L'homme tendit les bras et fit exploser la demi-sphère de verre. Le feu et les volutes de fumée se dissipèrent, révélant un sombre cratère stérile. La femme avait disparu. Pulvérisée par son impulsivité.

Il tomba à genoux et commença à regretter son geste. Il aurait voulu parler encore, comme si intuitivement, il sentait qu'il le fallait. Il sentait que quelque chose manquait et ne tournait pas rond. Il regrettait d'avoir tué une femme innocente, juste parce que ce qu'elle avait à dire ne lui convenait pas.

Pourtant, elle mentait. Elle devait mentir, il n'y avait pas d'autre possibilité. Mais c'était trop tard, elle avait déclenché quelque chose. Il se mit à pleurer, à chaudes larmes, puis il fut secoué de sanglots intempestifs et incontrôlables. La douleur devenait trop forte. Etait-ce cela qui le guettait ? Qui allait signer la fin de son immortelle existence ? Une douleur morale infinie et exponentielle ? Il essaya de se maîtriser et se releva avec difficulté. La douleur devait sortir. D'une manière ou 'une autre. Il tendit les mains et entreprit de détruire tout ce qui passait à portée de son regard : les murs, les voûtes, les statues, les colonnes, et tandis que tout explosait et disparaissait dans une gerbe de feu et de fumée, il sentit sa propre violence prendre le pas sur la douleur. Il baissa les bras en contemplant le désolant résultat de sa colère. Il se sentait mieux.

 

―Ne recommencez jamais ça.

 

Il se retourna subitement, et se retrouva face à face avec Cilia Spark. Il poussa un cri de terreur et fit un pas en arrière.

Trop tard, la femme avait déjà saisi sa main et la tenait fermement. C'est alors que son champ de vision bascula dans un blanc étincelant. Il sentit son univers se rétracter sur lui, comme s'il était le centre d'un immense trou noir au pouvoir d'attraction titanesque. Il sentit son crâne exploser de douleur et perdit connaissance.

 

 

Quand il reprit ses esprits, il eut mal, ce qui était assez nouveau. Il se sentait complètement ankylosé, courbaturé. Une douleur lancinante et diffuse pulsait en divers endroits de son corps. Même sa respiration était un calvaire, sa poitrine oppressée comme si ses muscles thoraciques émergeaient d'un long sommeil. Il ouvrit les yeux, et fut incapable de distinguer quoi que ce soit. Tout était flou, brouillé. L'image mit du temps à gagner en netteté, mais il finit par deviner qu'une personne était penchée au-dessus de lui. Au plafond, une lampe diffusait sa lueur blanche et froide.

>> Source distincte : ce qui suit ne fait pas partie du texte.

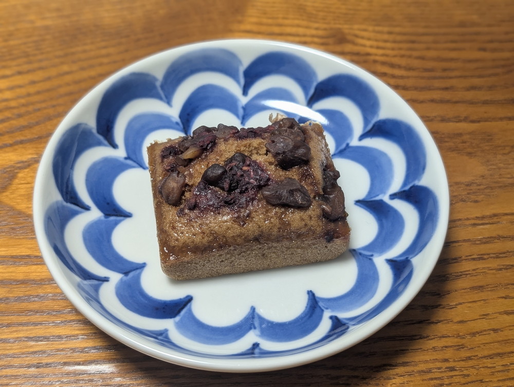 洋菓子枠ですが、これにも山芋が使われているのか。黒糖蒸しパンにくるみと木苺が乗っかっております。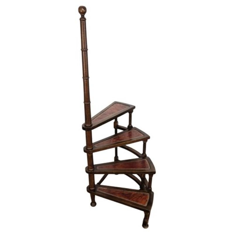 Beautiful Italian carved walnut wood circular step ladder with four stairs rolled around a turned, central pole with a decorative finial. Each step is upholstered with red leather and golden classic frame. Versatile and practical, the elegant library essential is in excellent condition with a rich walnut patina. Use this vintage staircase to organize books in your office or library, as well as in any other room that might require an additional elegant and tasteful step.

Il comprit qu'il était allongé, et tenta de redresser la tête, sans succès.

 

―Charlie, est-ce que tu m'entends ?

 

Il reconnut la voix. C'était celle de cette maudite femme qui l'avait touché et qui était responsable de son état. Il essaya de crier, de l'insulter, mais seul un borborygme insensé s'échappa de ses lèvres desséchées.

 

―Charlie, je sais que tu dois souffrir, et j'en suis vraiment désolée, mais je t'assure que tout rentrera dans l'ordre dans peu de temps. Tu n'as pas connu la douleur depuis des lustres, c'est comme une nouvelle expérience pour toi.

 

De quoi parlait-elle ? Cette femme l’avait-elle capturé pour l’enfermer dans son univers à elle ? Un univers de souffrance ? De quel droit s'était-elle permit cela ? Il tenta de prononcer ces questions, sans plus de succès, mais sentit ses muscles faciaux et sa langue reprendre progressivement de la vigueur.

 

―Tu es ici dans un centre de recherche, à Paris, l'endroit dont je t'ai déjà parlé. Ici, nous traitons principalement de sujets concernant la neurologie et les troubles mentaux. Nous élaborons des nouvelles thérapeutiques, établissons des statistiques, et nous prenons en charge quelques patients atypiques.

 

Ainsi, cette femme pensait qu'il était fou... Voilà ce qu'elle était venue chercher : un patient ! Elle pensait qu'il était malade ! Pourtant, il était sûr qu'il n'en était rien. Il était tout-puissant quelques instants auparavant, et son règne durait depuis des siècles ! C'était complètement impensable. La colère lui donna la force d'expulser une phrase à moitié mâchée :

 

―Je ne suis pas fou !

―Bien sûr, Charlie, je n'ai jamais dit cela. Je peux te le garantir. Tu souffres néanmoins d'autre chose.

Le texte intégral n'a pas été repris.